Does the double integral diverge? $\iint_{\Omega} \sqrt{\frac{x^2 + y^2}{xy(1 - x^2 - y^2)}} ~ dx dy$

Question

Does the double integral converge $$\iint_{\Omega} \sqrt{\frac{x^2 + y^2}{xy(1 - x^2 - y^2)}} ~ dx dy$$ I tried using polar coordinate but then half way I realised it was not a good idea so what do I do?
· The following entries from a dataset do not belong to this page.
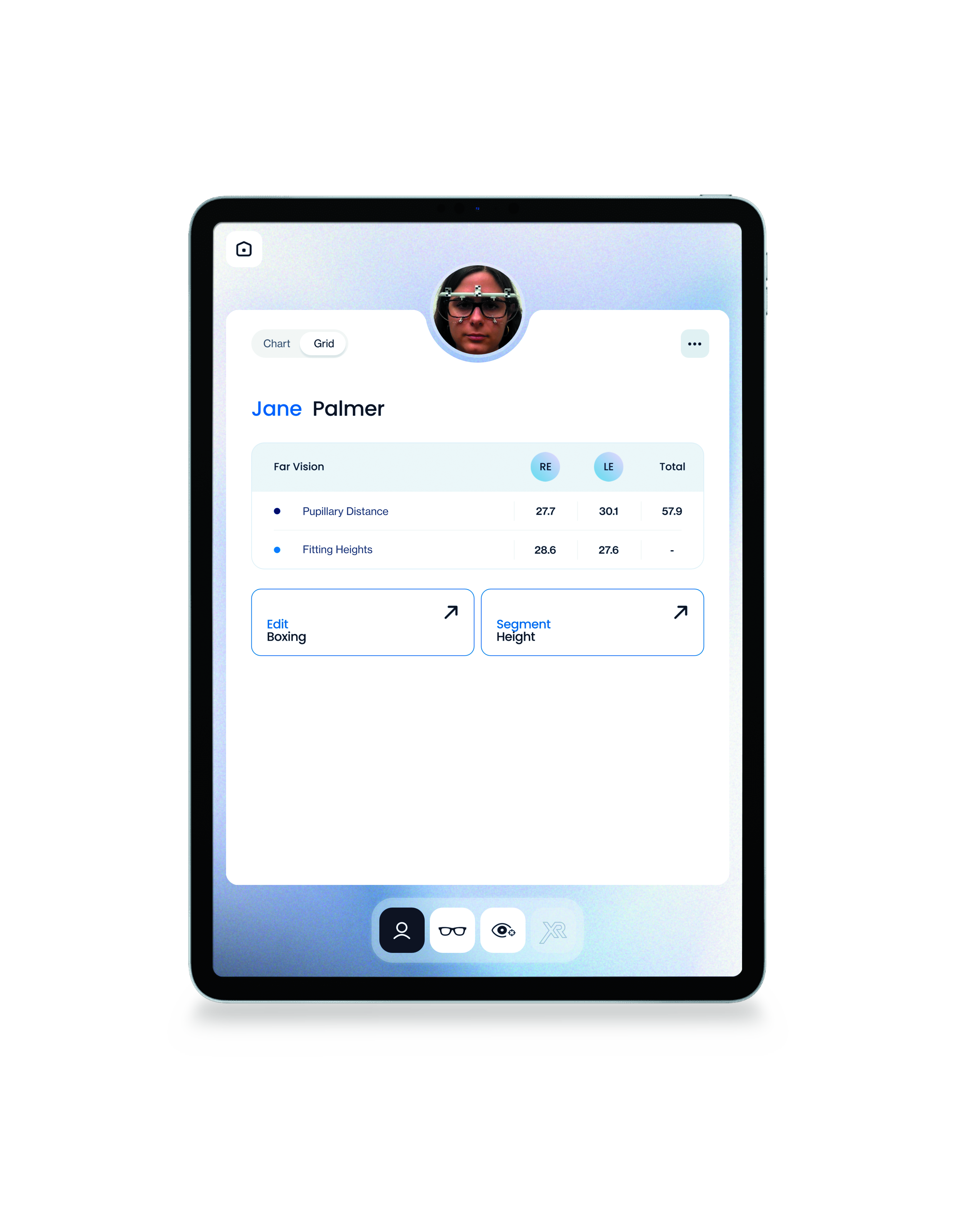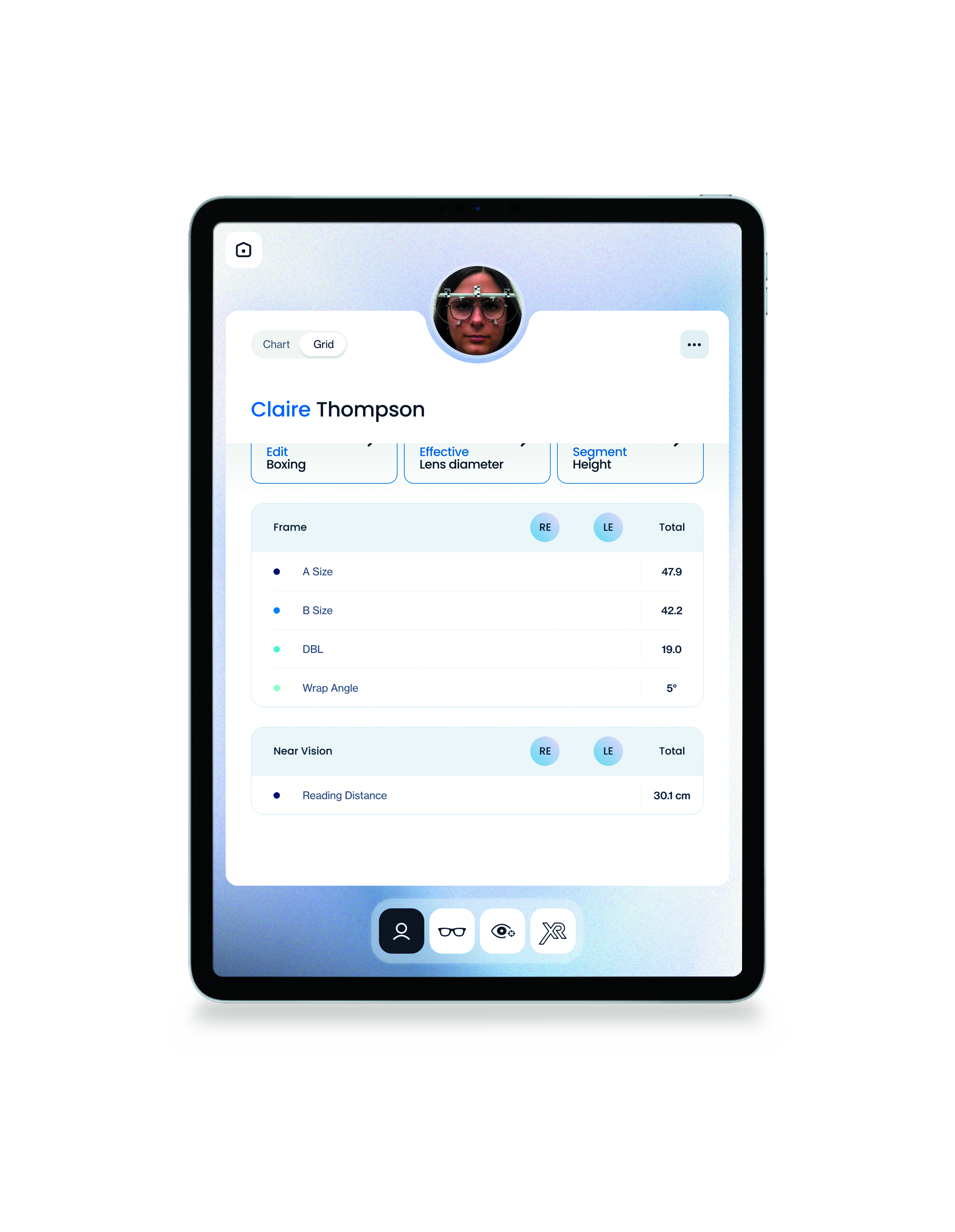 EYERULER2PRO is a compact iPad Pro-based measurements solution providing highly-accurate centration parameters for entry-level to high-end lenses. It also includes a frame comparison module enabling the ECP and client to choose the most adapted frame.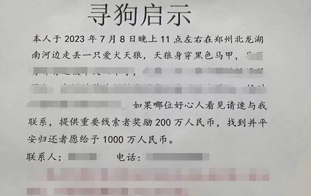 7月9日,“郑州流浪动物领养中心”发布了一则特殊的寻狗启事,如果能提供重要线索者,狗主人奖励200万人民币,如果找到并平安归还,狗主人愿给予1000万人民币。启事的末尾,还有一句红字称,如果伤害这条功勋犬,倾家荡产也要追究到底。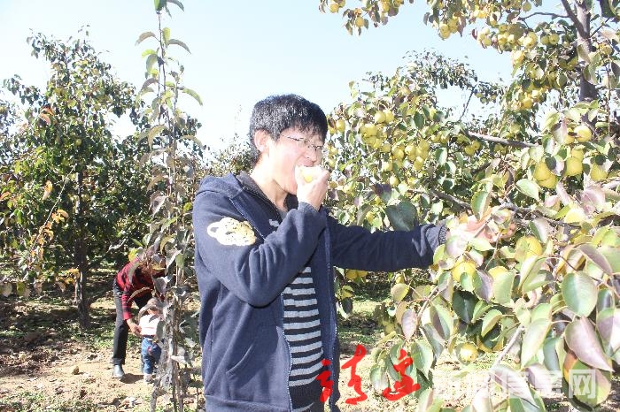 游客现摘现吃龙洲纯天然绿色无公害黄金梨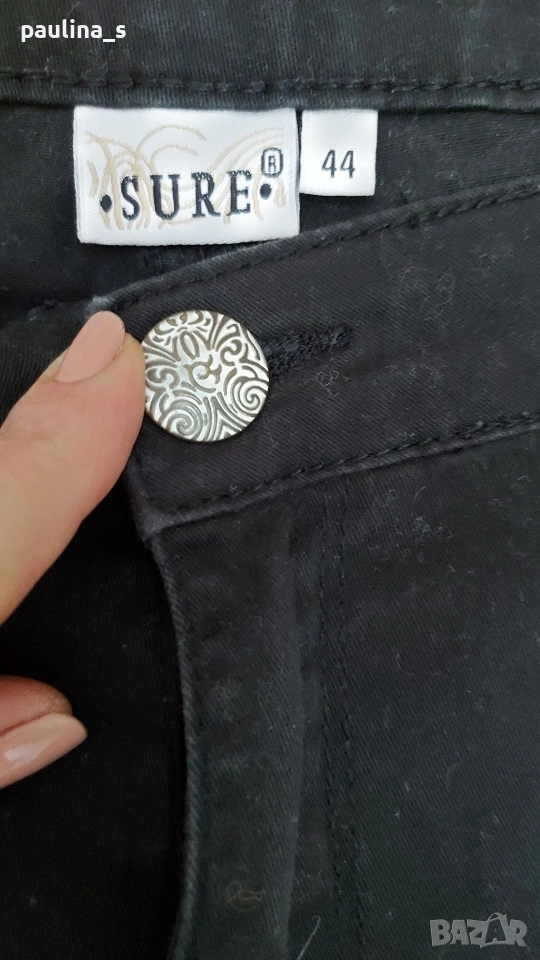 1️⃣. 2XL / 3XL - AWG Mode center "Sure". Цената е крайна, без пазарлъци 20 евро. Дамски черни еластични дънки, по етикет са 44EU, но стават и за 46EU. Платът е еластичен здрав, брезентов Деним, с избелващ ефект. Моделът е 5 pocket Denim standard, с леко стеснение крачоли, релефни кабси и копче, цепки на крачолите. Една бройка, става за посочените размери, като нови. Реална цената 50 евро, моята е 20 евро.

I got $$\iint_{\Omega} \frac{r}{\sqrt{\cos(\theta)\sin(\theta) (1-r^2)}}drd\theta = \int \frac1{\sqrt{\cos(\theta)\sin(\theta)}}d\theta \times \int \frac{r}{\sqrt{(1-r^2)}},dr$$

$$\Omega = \left\{ (x, y) \in \mathbb{R}^2 : x^2 + y^2 < 1, x > 0, y > 0 \right\}$$

But I don't know how to continue, I haven't written the bounds yet because I was trying to simplify it.

Answer 1

As noticed, by polar coordinates we obtain

$$\iint_{\Omega} \sqrt{\frac{x^2 + y^2}{xy(1 - x^2 - y^2)}} dx dy= \int_0^{\frac \pi 2} \frac{1}{\sqrt{\cos \theta\sin \theta}}\int_0^1 \frac{r}{\sqrt{1-r^2}} \;dr \;d\theta $$

and since $\int_0^1 \frac{r}{\sqrt{1-r^2}} \;dr=1$ all boils down with

$$\int_0^{\frac \pi 2} \frac{1}{\sqrt{\cos \theta\sin \theta}}\;d\theta=2\int_0^{\frac \pi 4} \frac{1}{\sqrt{\cos \theta\sin \theta}}\;d\theta$$

and since for $\theta \to 0^+$ we have that $\cos \theta\sin \theta=\theta+O(\theta^3)$ the integral converges by limit comparison test with

$$\int_0^{\frac \pi 4} \frac{1}{\sqrt{\theta}}\;d\theta=\sqrt \pi$$

Answer 2

Integral on the radial part $$\int_0^1 \frac{r}{\sqrt{1-r^2}}dr=1$$ Integral on the angle part $$\begin{align}\int_0^{\pi/2} \frac1{\sqrt{\cos(\theta)\sin(\theta)}} d\theta &=\frac12\cdot2\int_0^{\pi/2} \sin^{-\frac12}(\theta)\cos^{-\frac12}(\theta) d\theta\\ \\ &=\frac12\cdot B\left(\frac14,\frac14\right)=\frac{\Gamma^2\left(\frac14\right)}{2\sqrt\pi}\end{align}$$

Therefore,

$$\boxed{\iint_{\Omega} \sqrt{\frac{x^2 + y^2}{xy(1 - x^2 - y^2)}} ~ dx dy=\frac{\Gamma^2\left(\frac14\right)}{2\sqrt\pi}~}$$